## Exercise
Write out the records that follow exactly. Do not include pictures.

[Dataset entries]
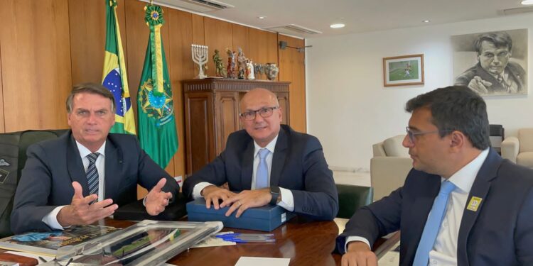 “Estamos aqui em tratativas para discutir a melhor maneira do Amazonas não perder a competitividade para o resto do país. É um benefício a mais para Manaus que é uma área estratégica, a garantia da nossa soberania passa pela Zona Franca de Manaus e jamais nós vamos querer que isso seja ameaçado”, disse Jair Bolsonaro. O coronel Alfredo Menezes, ex-superintendente da Zona Franca de Manaus (Suframa), participou da reunião.
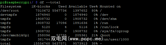 除此之外,可以稍微调整df命令以提供更易读的结果。默认情况下,输出以字节为单位。如果您知道字节与兆字节和千兆字节之间的关系,那么这对您来说可能不是问题。
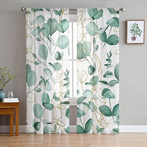 Eucalyptus Leaves Sheer Curtains⁢ 63” Length 2⁢ Panels Set,Watercolor Botanical Bedroom ⁤Curtain Drapes,Green Leaves ⁣Semi Curtain Sheers /Cafe,Rod Pocket Voile Window Treatment,52”Wx63”Lx2
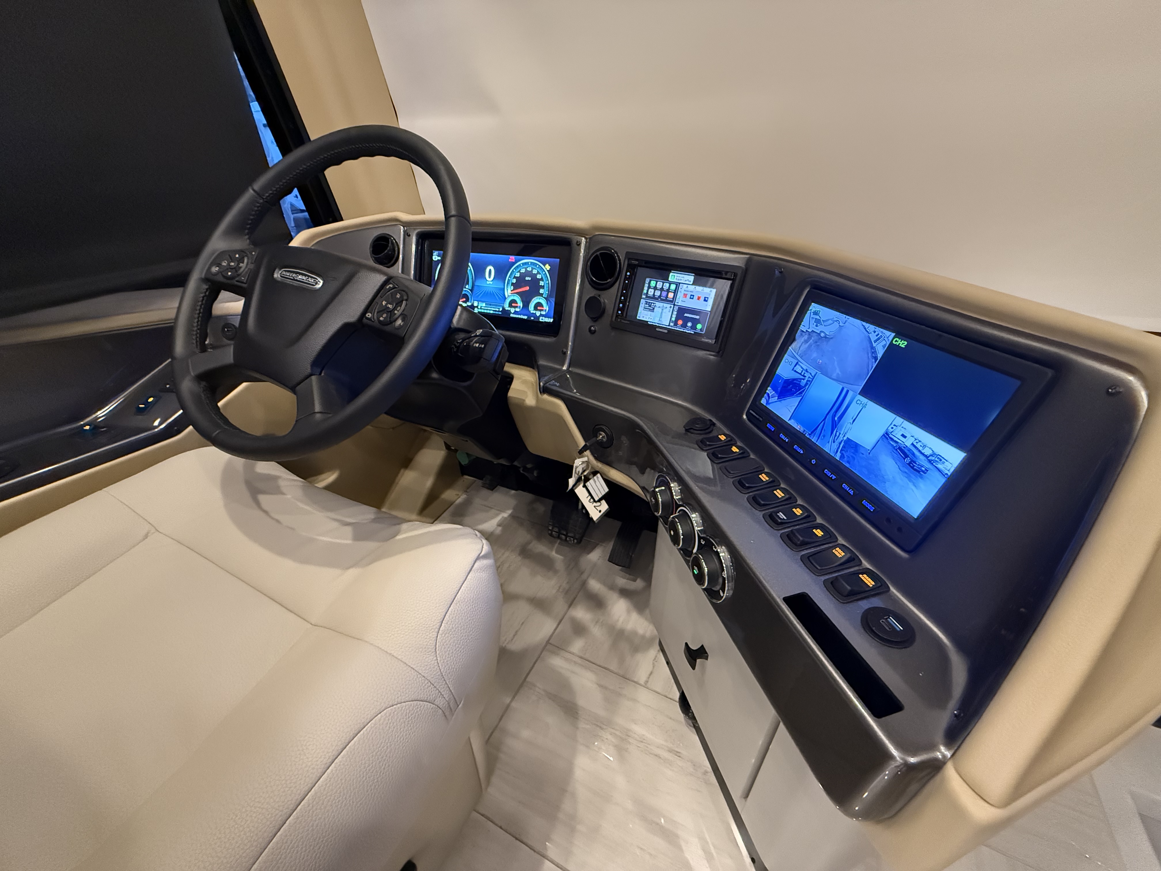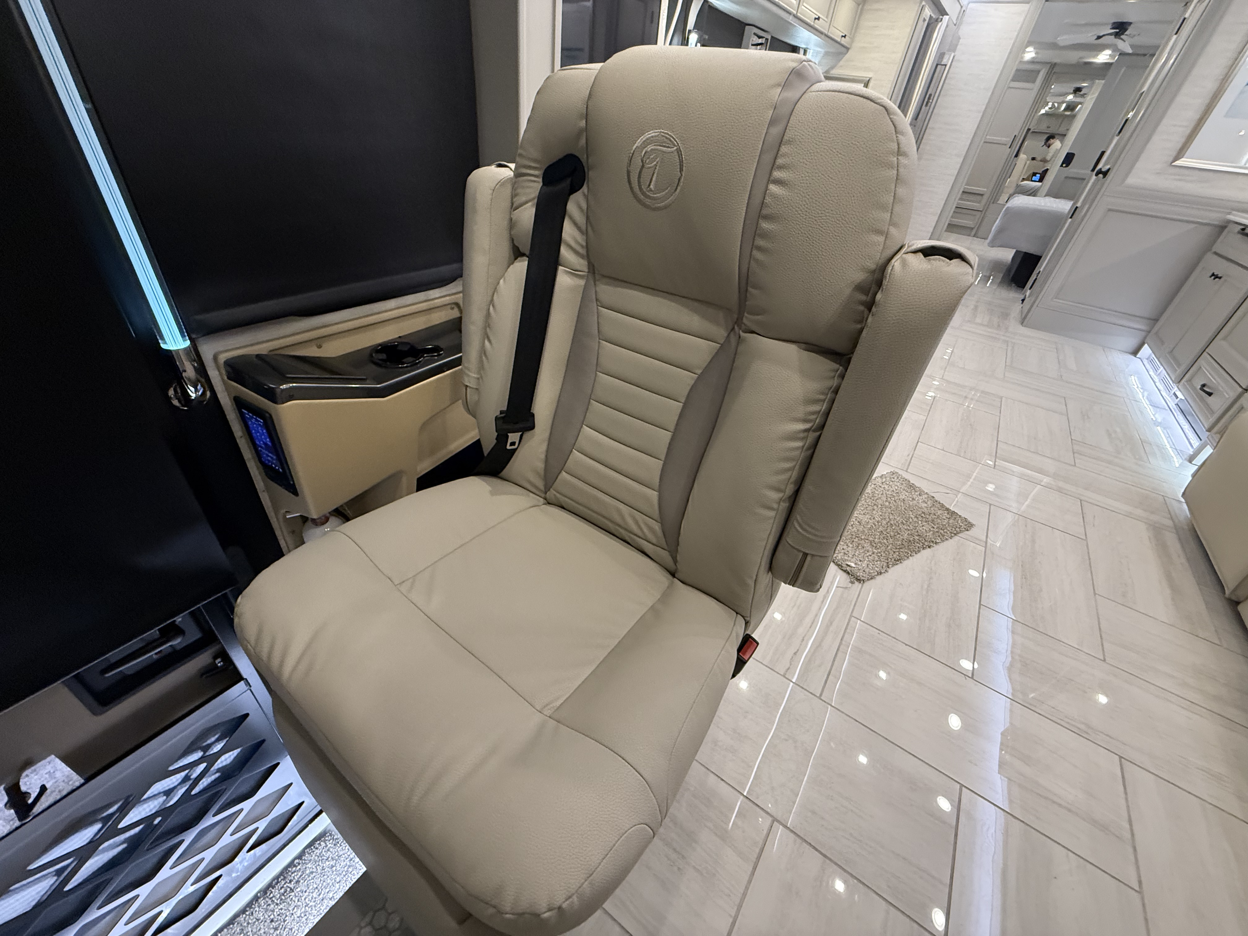 The 2026 Phaeton 40 IH continues its reign as a luxury icon, riding on Tiffin’s proprietary PowerGlide chassis with Independent Front Suspension for a travel experience that is incredibly stable and whisper-quiet. The "IH" designation delivers a completely flat floor throughout the coach, eliminating the rear step-up found in other diesels to create a seamless, single-level interior paved with heated porcelain tile. Surrounded by handcrafted hardwood cabinetry and powered by the reliable Cummins diesel engine, it offers an environment of total comfort controlled by the advanced Spyder Multiplex System that puts every system at your fingertips.
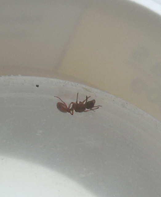 Dopo diverse settimane le regine stanno bene e una ha cominciato a deporre. Ho già intenzione di cederle a Dragonpluvius (già scritto in privato). Posto qui la foto delle regine per essere sicuro siano della stessa specie (una è leggermente più scura). Grazie.
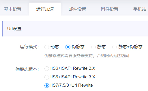 1、如果不支持伪静态,请打开后台设置--运行加速--设置运行模式为“动态”,保存后即可恢复动态模式访问。
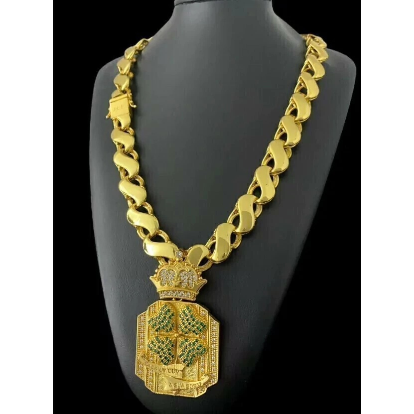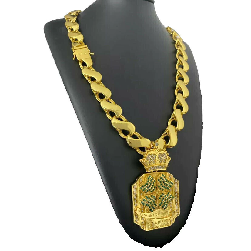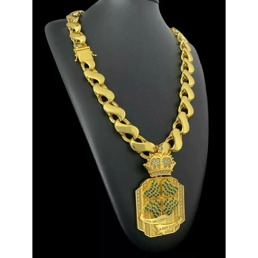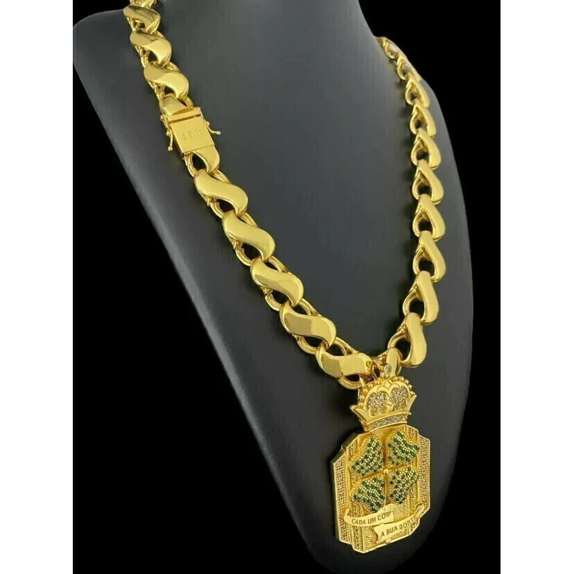 Cordão Friso s 16mm + Pingente Trevo - Banhado a Ouro 18k
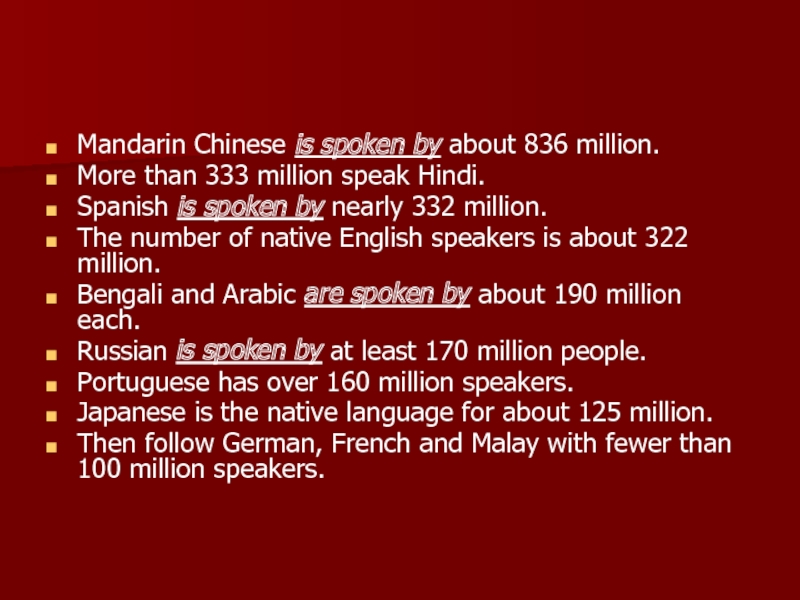 Mandarin Chinese is spoken by about 836 million.More than 333 million speak Hindi.Spanish is spoken by nearly
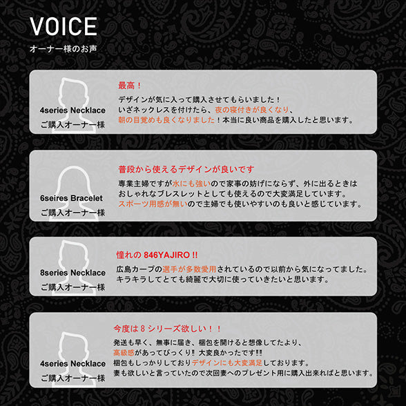 8シリーズは《YAJIROクリスタル》を最大限使用した846YAJIROディープバランサーの原点となった最高峰スポーツネックレスです。

## Problem solution
 “Estamos aqui em tratativas para discutir a melhor maneira do Amazonas não perder a competitividade para o resto do país. É um benefício a mais para Manaus que é uma área estratégica, a garantia da nossa soberania passa pela Zona Franca de Manaus e jamais nós vamos querer que isso seja ameaçado”, disse Jair Bolsonaro. O coronel Alfredo Menezes, ex-superintendente da Zona Franca de Manaus (Suframa), participou da reunião.
 除此之外,可以稍微调整df命令以提供更易读的结果。默认情况下,输出以字节为单位。如果您知道字节与兆字节和千兆字节之间的关系,那么这对您来说可能不是问题。
 Eucalyptus Leaves Sheer Curtains⁢ 63” Length 2⁢ Panels Set,Watercolor Botanical Bedroom ⁤Curtain Drapes,Green Leaves ⁣Semi Curtain Sheers /Cafe,Rod Pocket Voile Window Treatment,52”Wx63”Lx2
 The 2026 Phaeton 40 IH continues its reign as a luxury icon, riding on Tiffin’s proprietary PowerGlide chassis with Independent Front Suspension for a travel experience that is incredibly stable and whisper-quiet. The "IH" designation delivers a completely flat floor throughout the coach, eliminating the rear step-up found in other diesels to create a seamless, single-level interior paved with heated porcelain tile. Surrounded by handcrafted hardwood cabinetry and powered by the reliable Cummins diesel engine, it offers an environment of total comfort controlled by the advanced Spyder Multiplex System that puts every system at your fingertips.
 Dopo diverse settimane le regine stanno bene e una ha cominciato a deporre. Ho già intenzione di cederle a Dragonpluvius (già scritto in privato). Posto qui la foto delle regine per essere sicuro siano della stessa specie (una è leggermente più scura). Grazie.
 1、如果不支持伪静态,请打开后台设置--运行加速--设置运行模式为“动态”,保存后即可恢复动态模式访问。
 Cordão Friso s 16mm + Pingente Trevo - Banhado a Ouro 18k
 Mandarin Chinese is spoken by about 836 million.More than 333 million speak Hindi.Spanish is spoken by nearly
 8シリーズは《YAJIROクリスタル》を最大限使用した846YAJIROディープバランサーの原点となった最高峰スポーツネックレスです。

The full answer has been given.